Every word you write is such a balm to my soul, even when you're recounting a story of such worry. My prayers are being sent skyward for you, your son, your family. May God grant you healing, peace, and strength. xo
praying.
laure
I am so sorry my computer mishap means that I missed this opportunity to be in prayer for you and your family. Praying now that recovery is smooth and steady, that peace settles like a balm over your home. Been there with my own boy, not for surgery - but long nights in uncomfortable spots waiting for healing, for test results. That's been many years now, and today he is the doctor, offering comfort and skill. We don't know - we can't know - what waits for us with each sunrise. We can only know that we're never alone in any of it, the good, the bad and the painful. Love to you, Laura. Love.

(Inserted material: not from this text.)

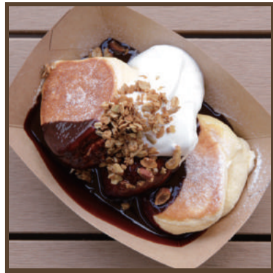
熱朱古力班戟配自家製穀麥 PANCAKE with HOT CHOCOLATE & HOMEMADE GRANOLA $88

I am so sorry my computer mishap means that I missed this opportunity to be in prayer for you and your family. Praying now that recovery is smooth and steady, that peace settles like a balm over your home. Been there with my own boy, not for surgery - but long nights in uncomfortable spots waiting for healing, for test results. That's been many years now, and today he is the doctor, offering comfort and skill. We don't know - we can't know - what waits for us with each sunrise. We can only know that we're never alone in any of it, the good, the bad and the painful. Love to you, Laura. Love.
Just learned of this trial you and your family are facing. You have provided me with such peace and clarity from your insights and observations and of your connection with God, Know my prayers are with you you all. Nombre De Dios.